This money can then be held in Ireland, or used for investments elsewhere. Once it is not brought back to the US, it will not be hit by the 35 per cent corporation tax rate that exists there.

At the same time, the profits made by the Irish holding companies can form part of the annual earnings that grade the performances of the multinationals and the executives that run them.

US semiconductor company Synopsys is fighting a $476.8 million (€403.5 million) bill from the IRS arising from the establishment of its Irish subsidiary. The IRS takes the view that the price the Irish subsidiary paid in 2000 for the assets it took charge of was too low.

Synopsys Ireland Ltd and a subsidiary, Synopsys International, bought up a number of Synopsys subsidiaries around Europe and Asia. The sales from these companies fed back to the Dublin holding company, which in its first year in operation had a turnover of $136 million.

The structures set up by Synopsys in 2000 have since developed. Synopsys Ireland is still registered in the Companies Registration Office in Dublin, but its accounts for 2004 - when it made a profit of $140 million - state that its place of business is now in Bermuda. The move occurred during the 2004 year.

This means the group headed by Synopsys Ireland will now pay less tax in Ireland.

While the group paid $11.85 million in corporation tax in 2004, the accounts show that the bulk of this arose from withholding tax which was not recoverable, as well as some "overseas" taxes. The Irish corporation tax paid was $1.89 million.

The move to Bermuda has accompanied a drop in the "predominant rate of tax" to zero (the Bermuda rate), from the 12.5 per cent rate (the Irish rate) that had applied in 2003.

Synopsys has a software business at the Blanchardstown Corporate Park, Co Dublin. The company that runs this business, Synopsys International Ltd, is involved in the research, development and licensing of software products in Europe, the Middle East, Asia Pacific and Japan. It has a number of subsidiaries throughout these regions and is itself a subsidiary of Synopsys Ireland.
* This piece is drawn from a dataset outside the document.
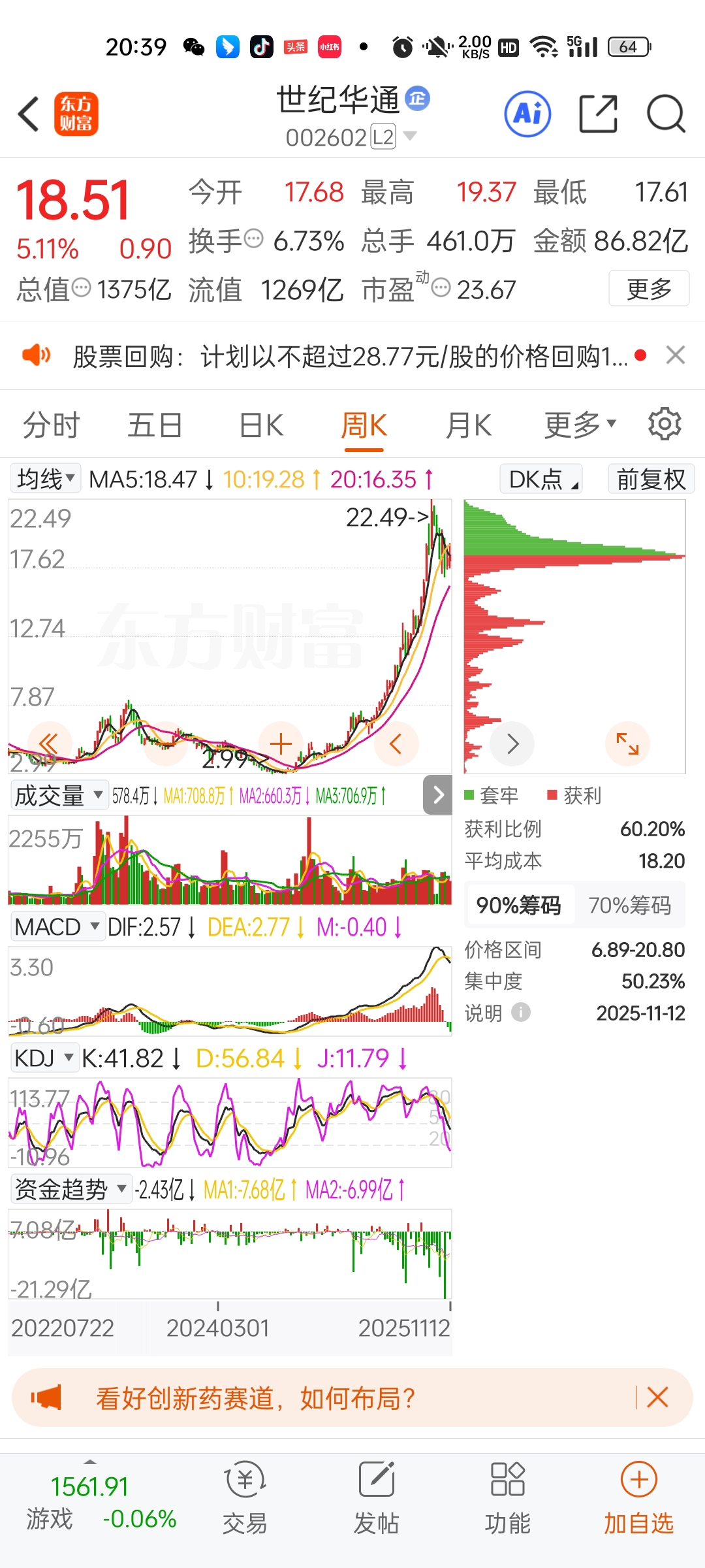 $世纪华通(SZ002602)$ 历史大鼎,历史天量,今日追进去的这辈子别想解套

Synopsys International made a pretax profit of $15.7 million and paid tax of $6 million, for the period to end October 2004.

During the period, the company employed an average of 56 people, of which 20 were R&D engineers.

A lot of the intellectual property that was transferred to Dublin in 2000, and which is at the centre of the dispute with the IRS, seems to now belong to a Dublin registered company, Synopsys International Old Ltd.

This company, which is owned by Synopsys Ireland Ltd, made a profit of $80.5 million in the period. However it only paid $538,000 in tax. The company moved its tax residency to Bermuda in November 2003, according to the accounts.

Synopsys International Old had a turnover of $170 million arising from royalties from the licencing of Synopsys software products in the period to end October 2004.